## Machine Learning Foundations

* Residual Sum of Squares [RSS] is the sum of difference between actual scatter plot points and the y = (mx + c) line, i.e. in other words the distance between the point and the line, when a straight line is drawn from point to linear line.

* Any number of lines with different slope and different y intercept can be drawn for a given scatter plot. To find which one is the correct line we make use of RSS. Minimal the value of RSS better it is.

* One way of pridicting the value is where the point intersects the linear line(y = mx + c)

* It is not mandatory to have the linear line instead the line can be quadratic or any other higher degree polynomial. As the degree of the line increases the RSS decreases and the higher drgree line passes through all the points of scatter polt.

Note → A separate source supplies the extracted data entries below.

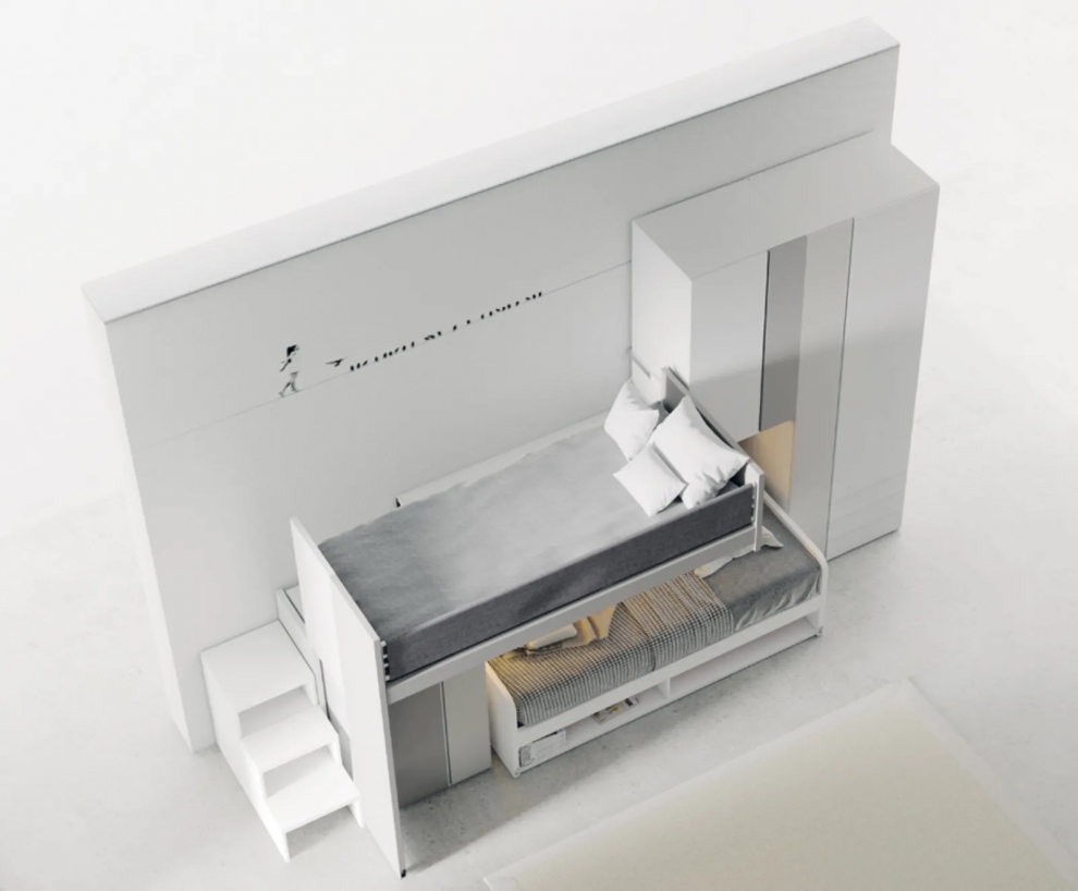 Il soppalco scorrevole Genialponte permette di progettare uno spazio condiviso dove l'individualità non passa in secondo piano.
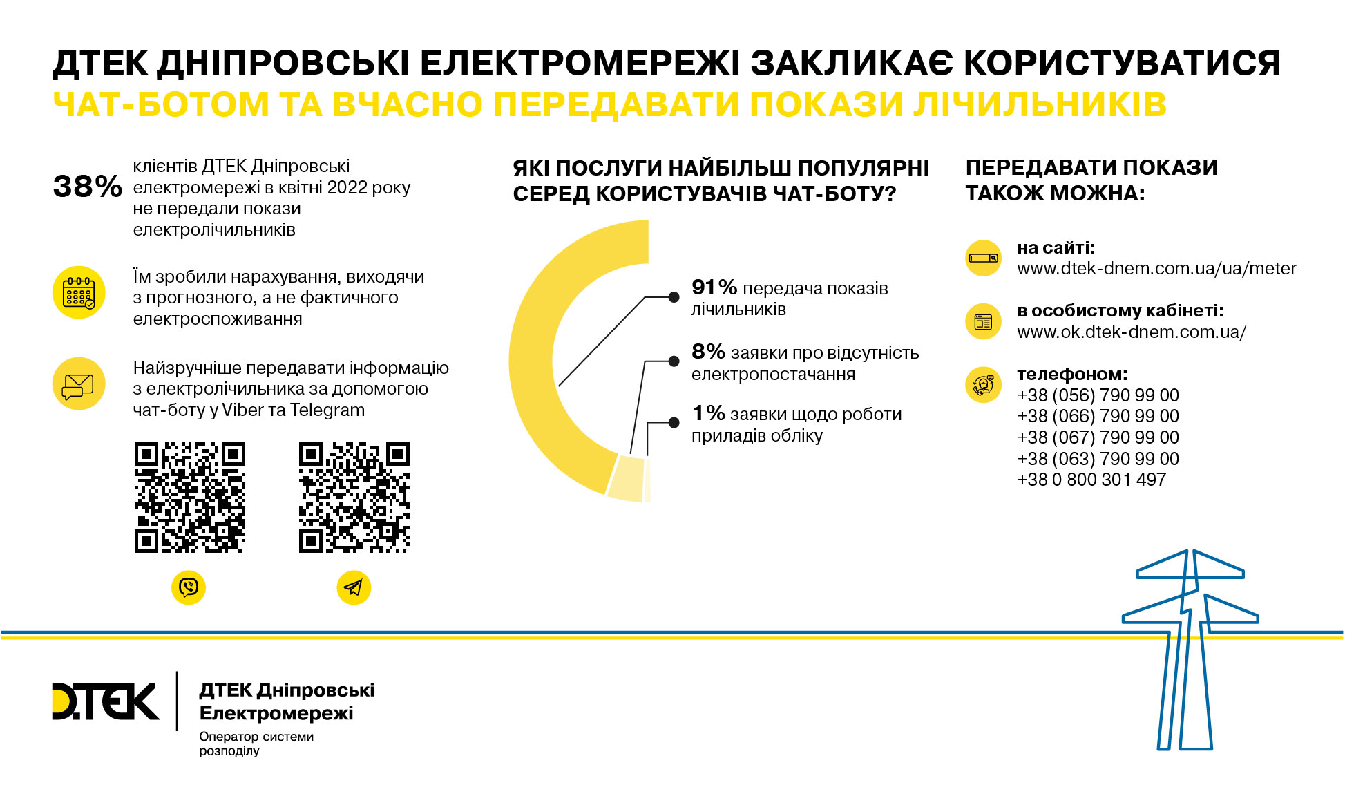 Кінець місяця – час передавати покази електролічильника. Зробити це в найзручніший спосіб можна через чат-бот в ДТЕК Дніпровські електромережі у Viber та Telegram. Головна перевага сервісу — цілодобове обслуговування клієнтів та можливість передавати та отримувати інформацію у зручному форматі без…
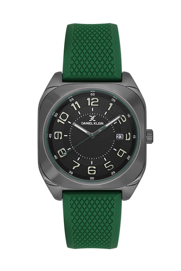 Daniel Klein DK.1.13796-6 Takvim Göstergeli Kare Kasa 5 ATM Suya Dayanıklı Silikon Kordonlu Sportif Tasarım Yeşil Erkek Kol Saati Çok Renkli
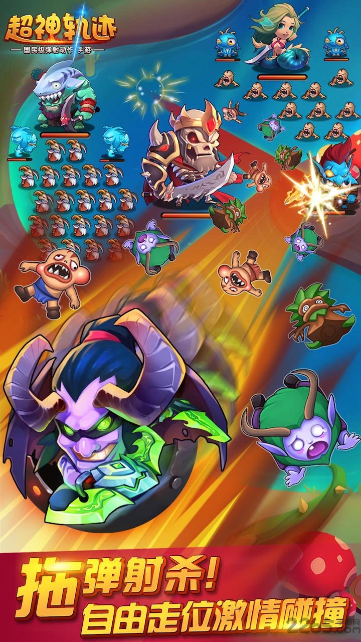 《超神轨迹》引入最新潮的弹射对战玩法,超爽的撞击体验,带你进入一个真实的托弹射杀的战场,告别了自动挂机游戏的无聊。史诗级“魔兽”——肉山大魔王等待您来征服!全新首创大秘境随机关卡,让您百玩不腻。玩法迥异的各色组队解密关卡,让您与小伙伴一起发挥智慧,各显神通!
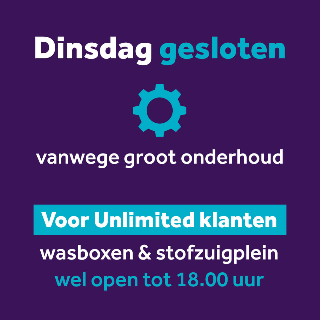 Het onbeperkt wassen is mogelijk zolang iedereen er verstandig en redelijk mee omgaat. Bij drukte en wachtende klanten graag de auto wassen en de wasbox dan verlaten. Voor het stofzuigen en drogen van de auto is ruimte genoeg op ons terrein. Wil je overdekt verder om je auto te verwennen? Vraag dan één van onze medewerkers om je te begeleiden naar de baan direct naast de wasstraat. Bij drukte in de wasstraat is het niet toegestaan om tegen het verkeer in de stofzuighal in te rijden.
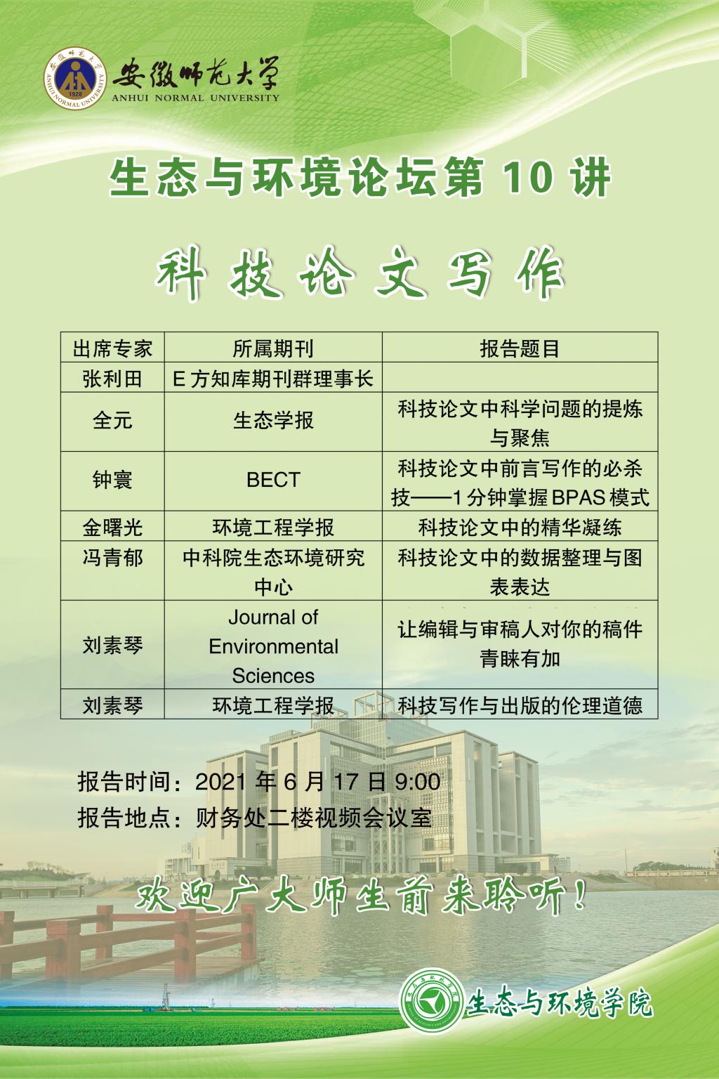 【学术预告】生态与环境论坛第10讲:科技论文写作
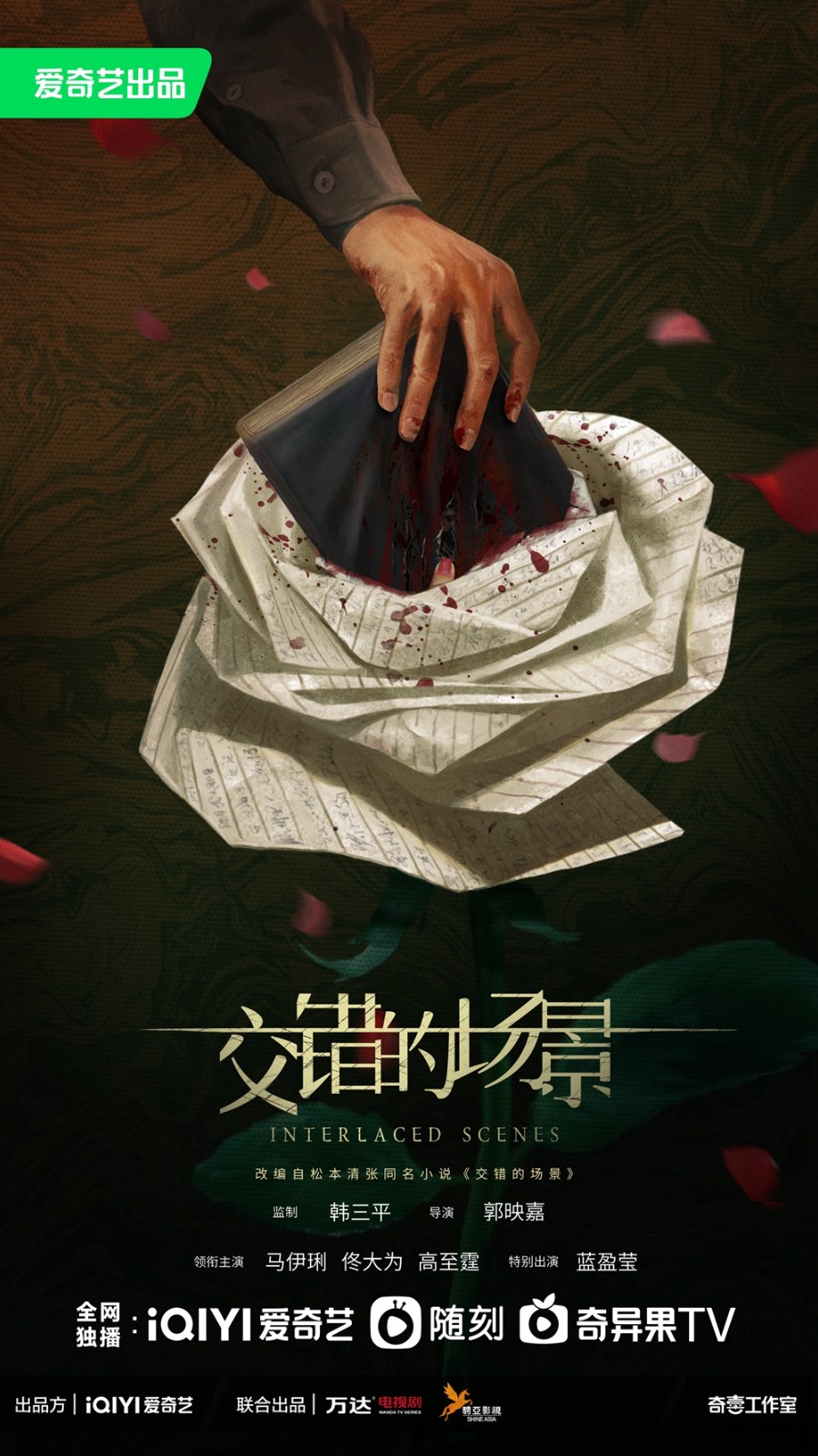 劇方同步發佈的概念海報,也似乎暗藏玄機。海報中,一隻帶血的手緊緊握住一本沾滿血跡的小說,小說上隱隱可見的血色抓痕;而用手稿堆砌而成的白玫瑰、四散飄落的紅玫瑰,是否預示瞭劇中角色的命運?這份質感十足的風格化物料一經釋出,讓觀眾對劇集充滿瞭好奇。

* Even if a higher order polynomial is used for drawing the line it is still called linear regression coz the higher order is just considered as a feature.

* As the RSS becomes zero it may not be able to give the best possible predication.

* The method of getting a curve to pass through all the points of the dataset is called overfitting, once the overfitting is achieve we will loose the ability to predict any thing as the model now prepared is for the only given dataset not any other data coming in future.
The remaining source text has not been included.